Salad with lettuce, Jerusalem artichoke (topinambour), and bean sprouts
>> Sunday, November 29, 2009
Jerusalem artichoke, which is called topinambour in Catalonia, stays fresh in the frigo for a long time, if you keep it in the vegetable cooler -- in a brown paper bag, we've been told. Just wash one of the tubers and scrub it well, then slice it onto the lettuce and sprouts, which have already been tossed together in a serving bowl. To my taste, the thinner the slivers of topinambour the better (and Juliette agrees), so I use a very sharp vegetable peeler.
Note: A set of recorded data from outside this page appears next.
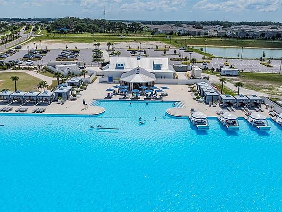 LUXURY MODEL HOME WITH + $50K in UPGRADES + DOUBLE CORNER LOT! Welcome to resort-style, maintenance-free living in the exclusive 55+ gated community featuring private amenities along with access to Florida’s 15-acre Crystal Lagoon! This stunning 2-bed | 2-bath + flex room home (1,968 sq. ft) is situated on a rare double corner lot with serene pond views. When you enter the home through the 8-foot etched glass door, you encounter beautiful 40"x 40" porcelain tiled floors. The foyer has a porcelain tile signature wall with a modern chandelier. The open concept living and dining areas create a welcoming atmosphere with plenty of natural light. The kitchen features a large island with quartz countertops, a custom porcelain tile backsplash, and a large walk-in pantry. Step outside through the 3-panel glass sliding doors onto your screened lanai with a pond view. It is a perfect spot for morning coffee. Shades have been installed on the lanai. The primary suite serves as a peaceful retreat, complete with a walk-in closet, en-suite bathroom upgraded with dual vanities, frameless, adjustable LED vanity mirrors, and a custom porcelain-tiled walk-in shower with 2 shower heads, including a rainfall shower head. The laundry room is spacious and is connected to the primary bedroom's walk-in closet. The guest bathroom has floor-to-ceiling porcelain tile with a LED Spa Shower Tower, a rain and waterfall head, and four massage body jets. The home also features upgraded modern lighting, ceiling fans, and a brick-paver driveway. Enjoy resort-style living at The Medley in Mirada, which includes a clubhouse, restaurant, fitness center, pool, pickleball, and tennis courts. A monthly calendar of events offers Water Aerobics, Mahjong, Zumba, Tai Chi, and much more. Bring your golf cart and drive to the 15-acre Lagoon, which offers Sandy Beaches, Swim-up Bar, Paddle Boarding, Kayaking, an Obstacle Course, Cabanas, Aqua Banas, and Live Music Events. A monthly calendar of events includes Bingo, Trivia Night, and Movies on the Lawn. The Master HOA's quarterly fee includes cable and the Ultra-Fi. Lawn Maintenance is included at the Medley. This home is about 40 minutes north of Downtown Tampa, 45 minutes from Tampa International Airport, 60 minutes from the Gulf Beaches, and 75 minutes from Orlando and Walt Disney World. Buyer and Buyer's Agent to confirm all room measurements.
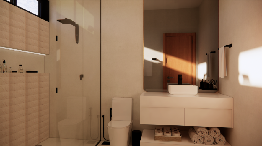 Banheiro com paleta suave e neutra, bancada branca e espelho do piso ao teto que ampliam a sensação de amplitude. Os acabamentos em preto adicionam um toque moderno e elegante, enquanto o projeto prioriza funcionalidade e conforto.
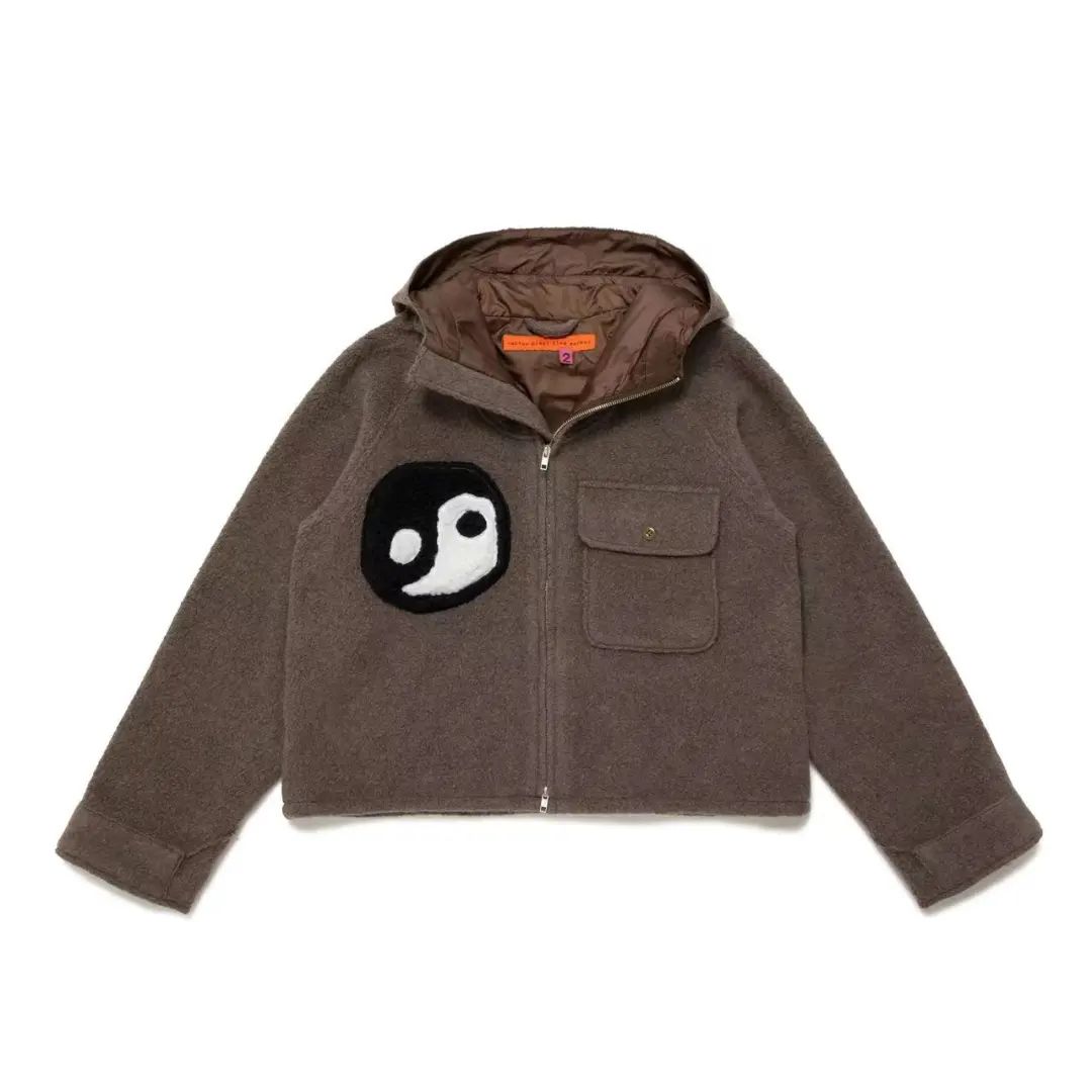 羊毛外套在胸口位置点缀熟悉的太极图案,打造出属于 CPFM 品牌的独特风格,发售价为 ¥77000 日元,约合四千人民币。
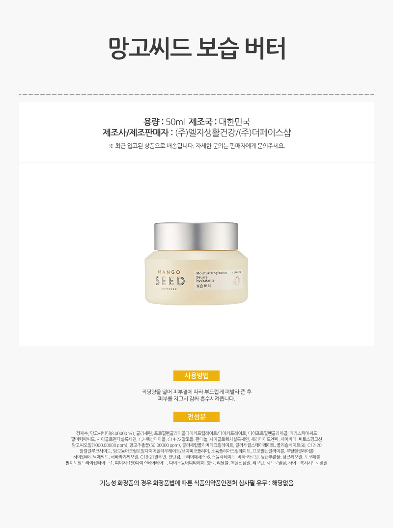 The Face Shop Mango Seed Moisturizing Butter 50ml / 더페이스샵 망고씨드 보습 버터 50ml
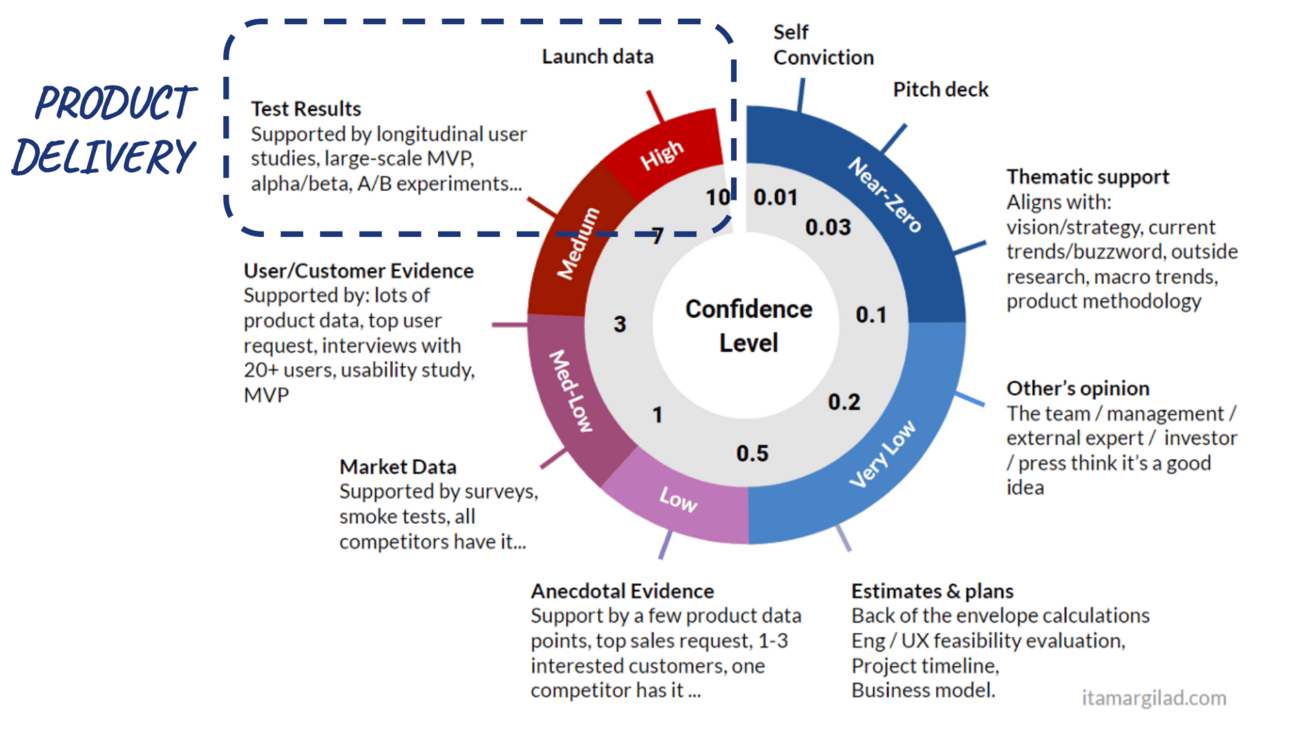Dostarczenie rozwiązania jest zwykle najdroższą metodą testowania naszego pomysłu i robienia discovery, ale… wciąż jednak to jest sposób na redukowanie niepewności (i tym samym forma discovery). Itamar Gilad świetnie to pokazuje na swojej skali niepewności produktowej:
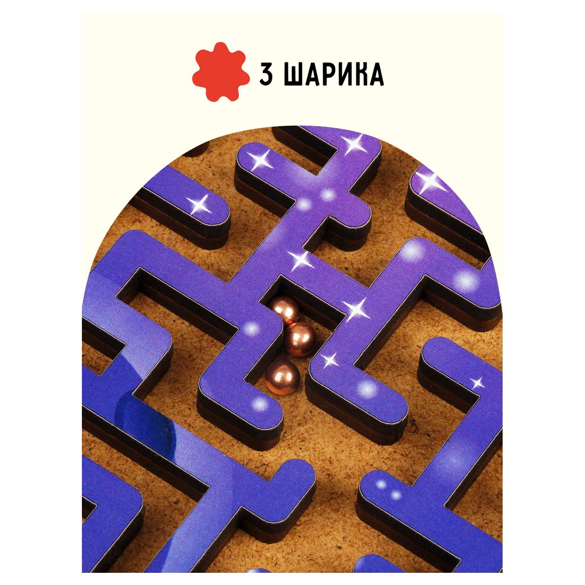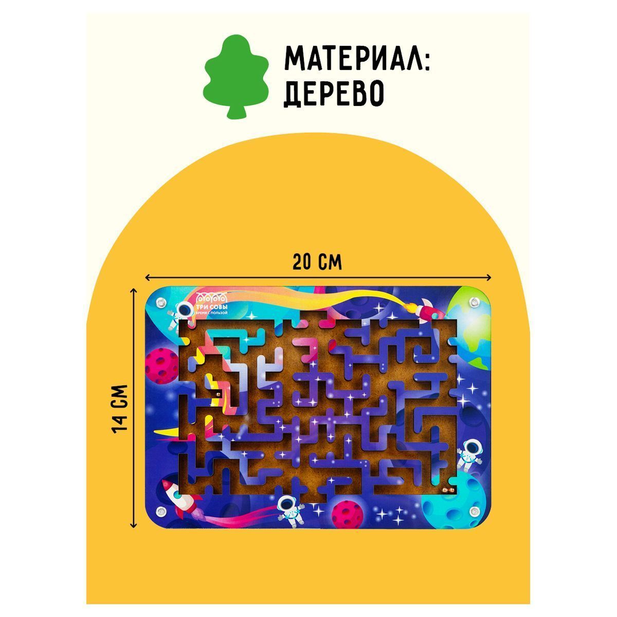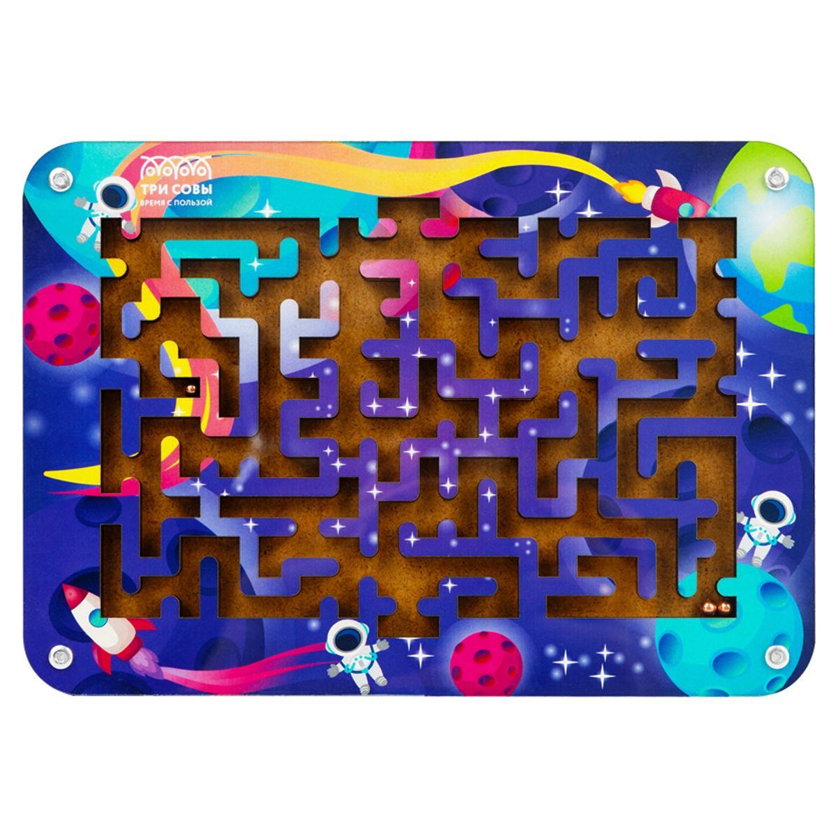 Настольная игра «Лабиринт» бренда «ТРИ СОВЫ» представляет собой планшет с интересными изображениями и замысловатыми дорожками, на которых расположены подвижные металлические шарики.
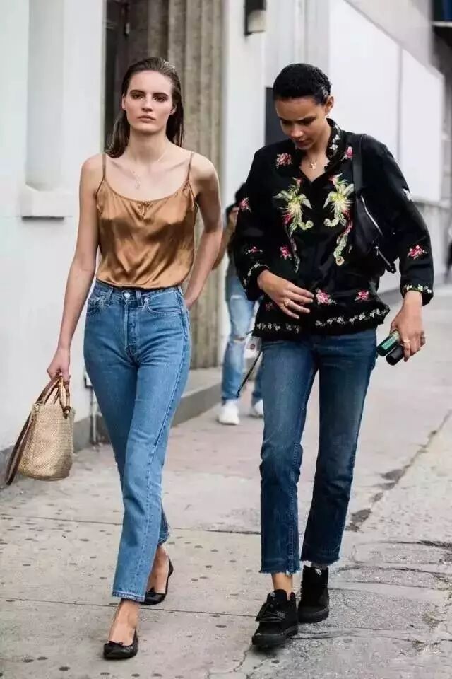 牛仔裤和吊带就是一副万能公式,吊带衫的性感和牛仔的中性组合在一起,娘man平衡,任谁都不会出错。

I like the nutty flavor that the topinambour brings to the palate, but even better is the flavor of other ingredients which the topinambour soaks up in an instant and gives back with such grace and style. And from such a humble tuber, amazing.
On this particular day, Juliette whipped up a quick dressing of garlic puree mixed into some soy sauce (or was it tamari, I can't remember). A salad like this also invites creative application of oils à table: olive oil, for sure, but we also keep a bottle of five-oil mix on the table, which gives us lots of good omega threes and sixes: sesame, colza, walnut, evening primrose (onagre), and cannabis (chanvre).
The Jerusalem artichoke is no artichoke, by the way, nor does it hail from the Holy Land, so we stick with the common name around here, topinambour.
This vegetable is not truly an artichoke but a variety of sunflower with a lumpy, brown-skinned tuber that often resembles a ginger root. Contrary to what the name implies, this vegetable has nothing to do with Jerusalem but is derived instead from the Italian word for sunflower, girasole.